Prompt
From the entries below, gather each line containing the word "Figura".

Material for this exercise
===============

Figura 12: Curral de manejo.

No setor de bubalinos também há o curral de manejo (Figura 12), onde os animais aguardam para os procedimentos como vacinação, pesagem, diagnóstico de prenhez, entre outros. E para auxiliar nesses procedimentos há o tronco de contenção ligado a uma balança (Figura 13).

===============

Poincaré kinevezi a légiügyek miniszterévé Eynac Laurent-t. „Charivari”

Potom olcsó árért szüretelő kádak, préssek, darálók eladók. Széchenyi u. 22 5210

===============

Solution for this task
Figura 12: Curral de manejo.
No setor de bubalinos também há o curral de manejo (Figura 12), onde os animais aguardam para os procedimentos como vacinação, pesagem, diagnóstico de prenhez, entre outros. E para auxiliar nesses procedimentos há o tronco de contenção ligado a uma balança (Figura 13).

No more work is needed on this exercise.